The compromise of a Japanese code clerk by Chinese intelligence has raised calls in Japan for the creation of a central intelligence service to conduct offensive intelligence and counterintelligence.
A Japanese communications officer in Shanghai committed suicide after he was entrapped by Chinese intelligence agents who threatened to expose his involvement.
Japan's Interior Ministry was disbanded after World War II and the Foreign Ministry has become a bureaucracy that is averse to protecting security interests, Japan’s conservative daily Sankei Shimbun reported.
Chief Cabinet Secretary Shinzo Abe said the prime minister’s office was not told of the incident. “The Prime Minister's Office received no report [from the Foreign Ministry] at the time of the incident,” Abe told reporters.
The code clerk killed himself in May 2004 and left a note saying that a Chinese man tried to force him to disclose confidential diplomatic information, according to diplomatic sources.
The Chinese official was believed to be an agent of the Ministry of State Security, as Beijing's civilian intelligence service is called.
The newspaper reported that the late Deputy Prime Minister Masaharu Gotoda said the Foreign Ministry hid intelligence from the rest of the government as part of diplomacy.

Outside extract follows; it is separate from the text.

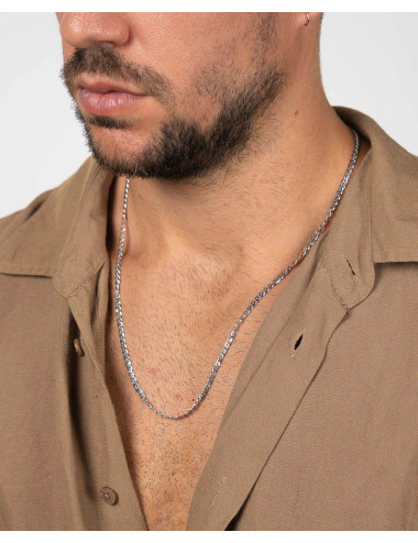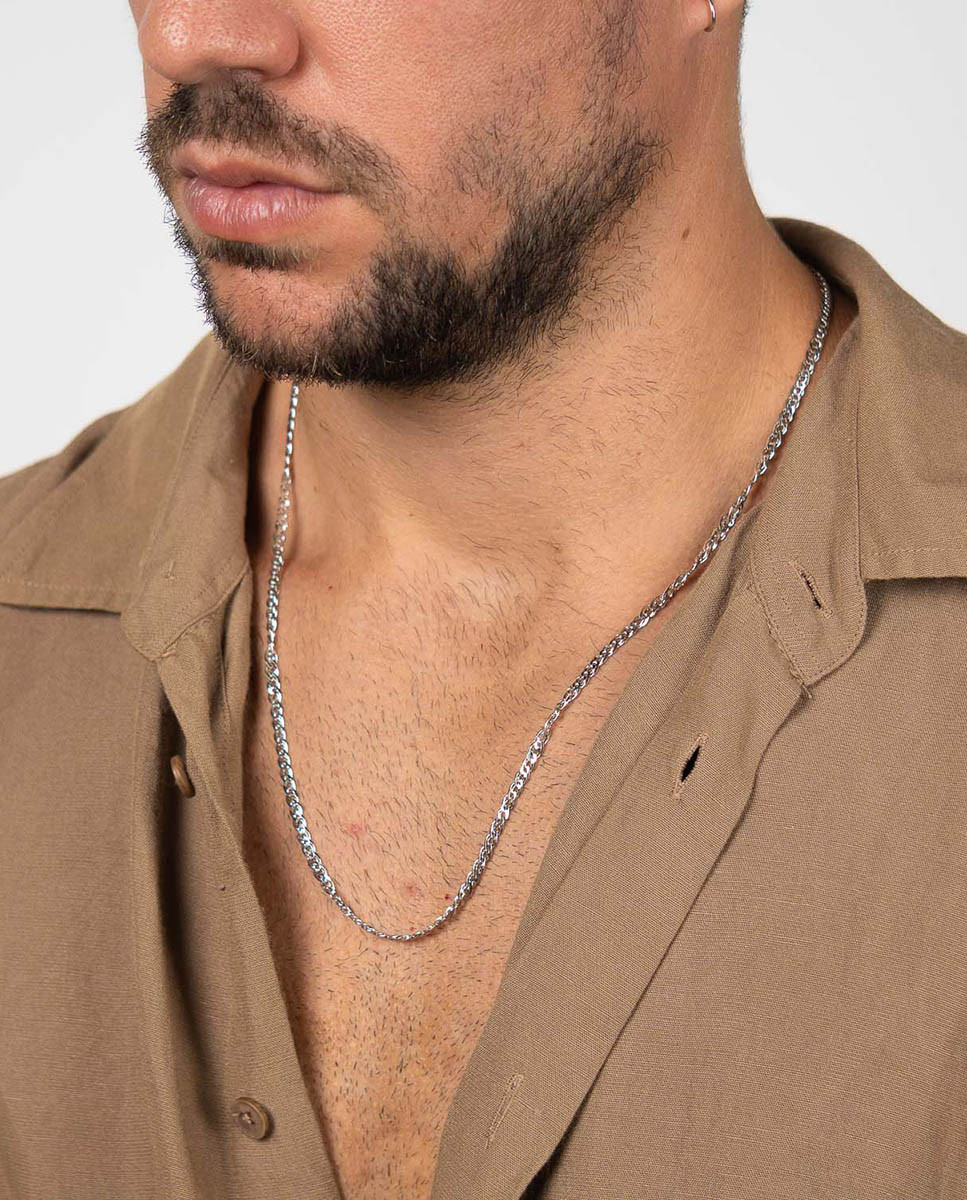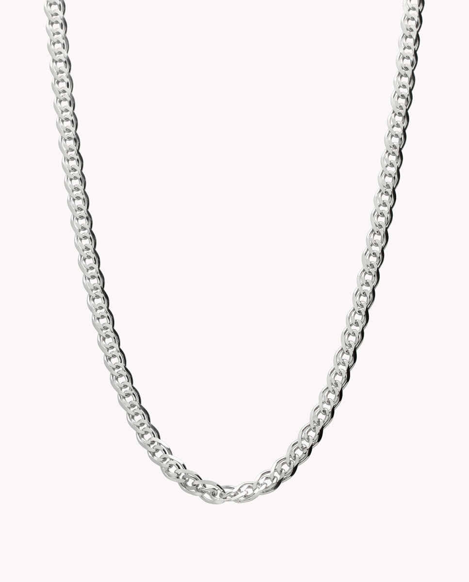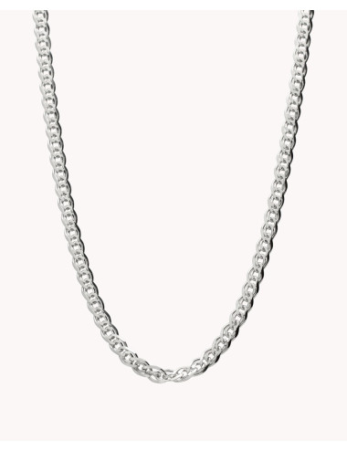 Cadena de plata de ley 925 bañada en rodio con eslabón tipo barbado doble de 3,56 mm de ancho y 60 cms de largo, cierre de mosquetón.

Gotoda proposed creating a "cabinet central intelligence bureau" as part of an administrative reform program initiated by former Prime Minister Ryutaro Hashimoto.
The plan called for integrating Japan’s intelligence agencies, including the Cabinet Intelligence and Research Office, the Foreign Ministry's Intelligence and Analysis Service, the Public Security Investigation Agency, the Foreign Affairs Division of the National Police Agency's Security Bureau, the Defense Agency's intelligence headquarters, and other government intelligence agencies.
The plan was never implemented.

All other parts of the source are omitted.